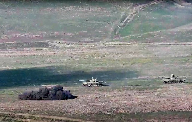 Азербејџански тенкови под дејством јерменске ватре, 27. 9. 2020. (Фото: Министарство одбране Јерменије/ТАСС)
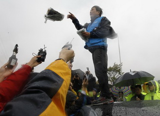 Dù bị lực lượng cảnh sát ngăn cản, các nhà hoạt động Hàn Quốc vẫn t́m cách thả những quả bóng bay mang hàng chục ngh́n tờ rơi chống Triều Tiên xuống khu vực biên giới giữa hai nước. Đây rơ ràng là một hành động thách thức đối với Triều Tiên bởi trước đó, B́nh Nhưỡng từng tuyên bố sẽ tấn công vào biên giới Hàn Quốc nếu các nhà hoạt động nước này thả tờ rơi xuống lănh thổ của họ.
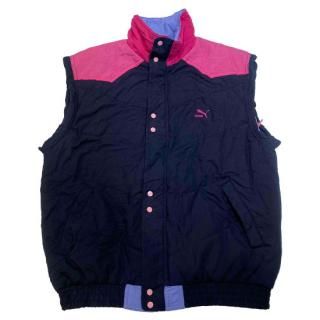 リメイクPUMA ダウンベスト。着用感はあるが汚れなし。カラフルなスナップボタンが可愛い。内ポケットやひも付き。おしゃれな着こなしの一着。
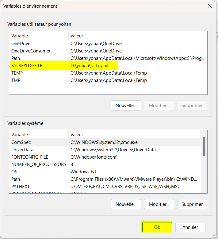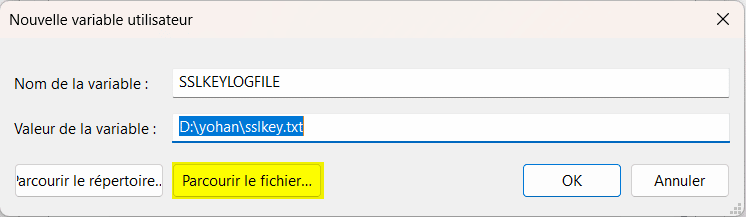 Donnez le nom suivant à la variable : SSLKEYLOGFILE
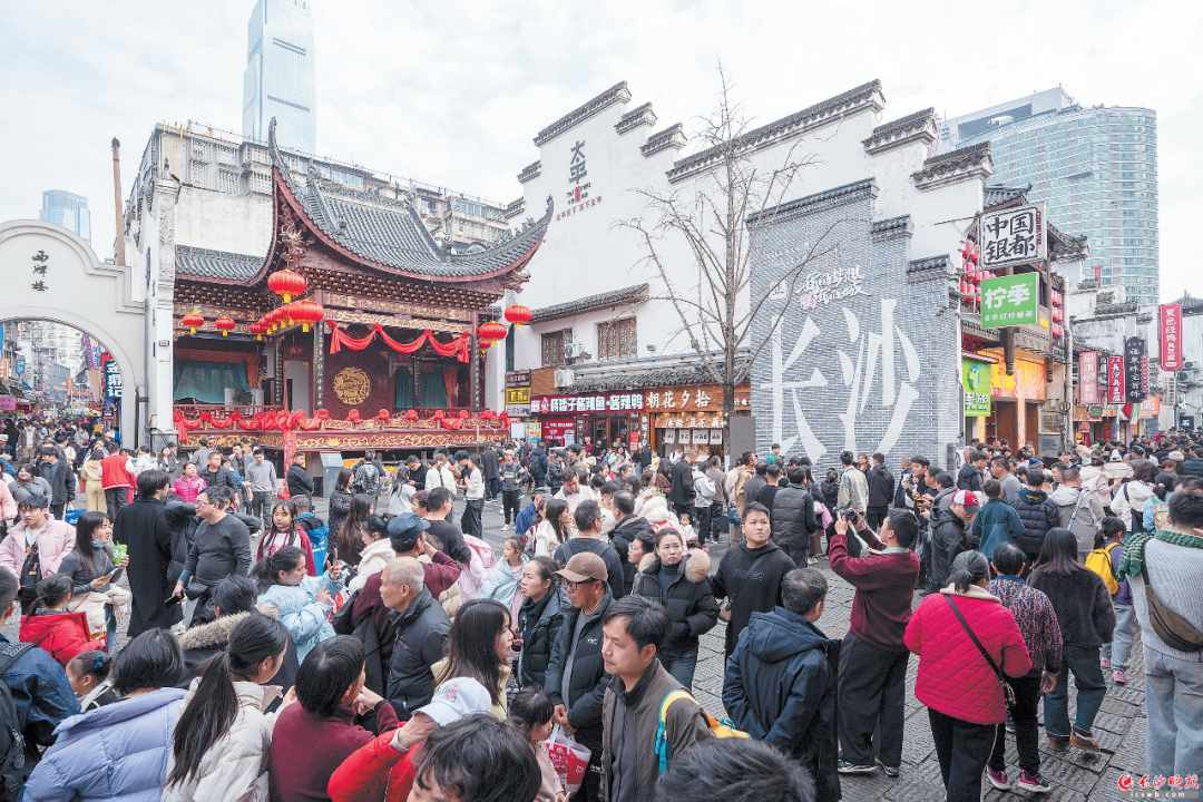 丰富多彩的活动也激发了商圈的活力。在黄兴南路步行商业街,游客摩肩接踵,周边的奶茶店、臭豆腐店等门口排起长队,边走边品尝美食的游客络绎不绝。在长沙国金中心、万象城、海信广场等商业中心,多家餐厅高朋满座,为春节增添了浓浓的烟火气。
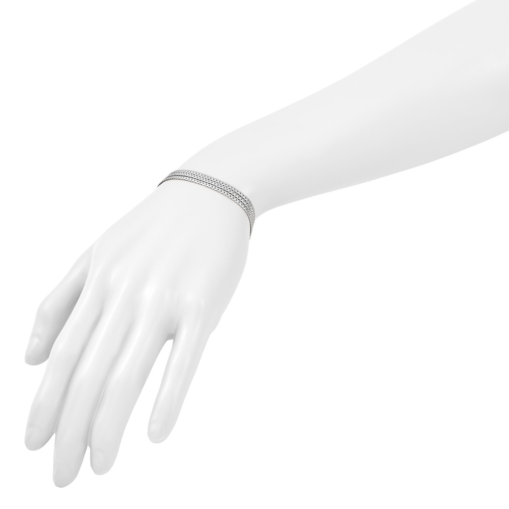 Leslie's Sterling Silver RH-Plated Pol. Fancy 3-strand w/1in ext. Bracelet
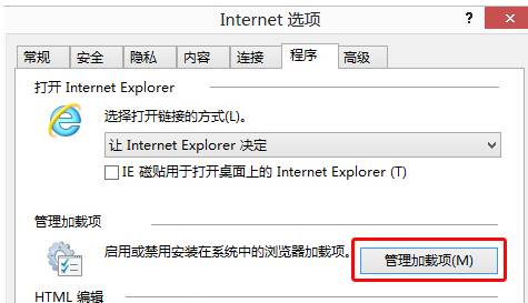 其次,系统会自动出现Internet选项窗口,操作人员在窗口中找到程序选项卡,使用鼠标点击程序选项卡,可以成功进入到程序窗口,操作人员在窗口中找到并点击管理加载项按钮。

* * *

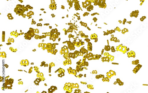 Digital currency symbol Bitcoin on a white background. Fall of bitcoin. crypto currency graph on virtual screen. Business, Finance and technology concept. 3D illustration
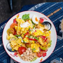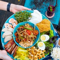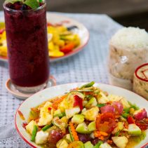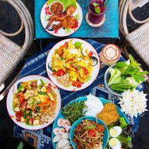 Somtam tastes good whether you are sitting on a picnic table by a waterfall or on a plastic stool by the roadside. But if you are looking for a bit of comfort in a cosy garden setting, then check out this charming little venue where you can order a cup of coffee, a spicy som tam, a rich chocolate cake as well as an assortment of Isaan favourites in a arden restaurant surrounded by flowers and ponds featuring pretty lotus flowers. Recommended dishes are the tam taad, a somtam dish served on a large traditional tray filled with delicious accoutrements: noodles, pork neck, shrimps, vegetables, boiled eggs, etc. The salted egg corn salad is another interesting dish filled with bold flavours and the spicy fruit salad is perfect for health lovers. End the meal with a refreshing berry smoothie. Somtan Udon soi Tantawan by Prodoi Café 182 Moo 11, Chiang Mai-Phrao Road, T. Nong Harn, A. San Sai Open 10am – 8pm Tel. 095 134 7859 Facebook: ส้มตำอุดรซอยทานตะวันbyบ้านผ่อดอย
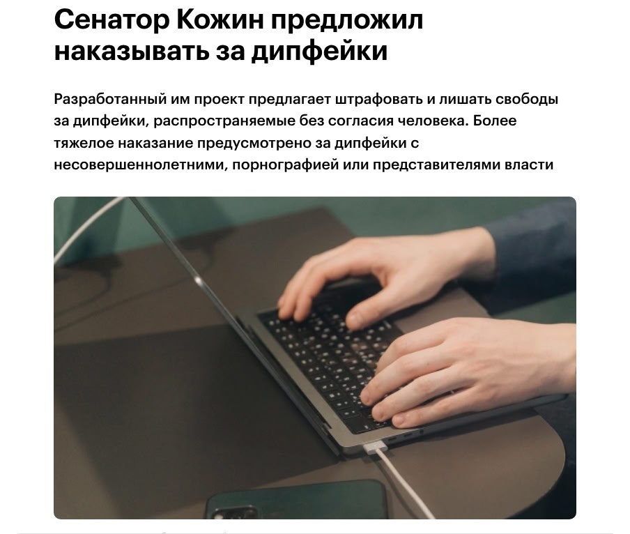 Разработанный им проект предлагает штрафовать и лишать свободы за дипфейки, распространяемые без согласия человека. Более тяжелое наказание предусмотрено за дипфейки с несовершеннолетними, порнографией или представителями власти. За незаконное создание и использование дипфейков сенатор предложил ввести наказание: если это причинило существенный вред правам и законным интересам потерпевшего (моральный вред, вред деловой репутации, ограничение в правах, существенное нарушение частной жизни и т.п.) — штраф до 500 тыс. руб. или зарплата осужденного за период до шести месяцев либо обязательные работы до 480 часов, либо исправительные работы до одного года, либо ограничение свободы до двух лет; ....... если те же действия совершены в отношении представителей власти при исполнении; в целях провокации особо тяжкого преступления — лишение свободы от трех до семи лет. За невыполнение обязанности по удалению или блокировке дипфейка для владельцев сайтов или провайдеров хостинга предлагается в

WHAT THE TASK ASKS
Copy exactly the material above from the line with "Donnez le nom" to the line with "其次,系统会自动出现Inte", ends included, and nothing else. Leave out any picture.

EXERCISE SOLUTION
 Donnez le nom suivant à la variable : SSLKEYLOGFILE
 丰富多彩的活动也激发了商圈的活力。在黄兴南路步行商业街,游客摩肩接踵,周边的奶茶店、臭豆腐店等门口排起长队,边走边品尝美食的游客络绎不绝。在长沙国金中心、万象城、海信广场等商业中心,多家餐厅高朋满座,为春节增添了浓浓的烟火气。
 Leslie's Sterling Silver RH-Plated Pol. Fancy 3-strand w/1in ext. Bracelet
 其次,系统会自动出现Internet选项窗口,操作人员在窗口中找到程序选项卡,使用鼠标点击程序选项卡,可以成功进入到程序窗口,操作人员在窗口中找到并点击管理加载项按钮。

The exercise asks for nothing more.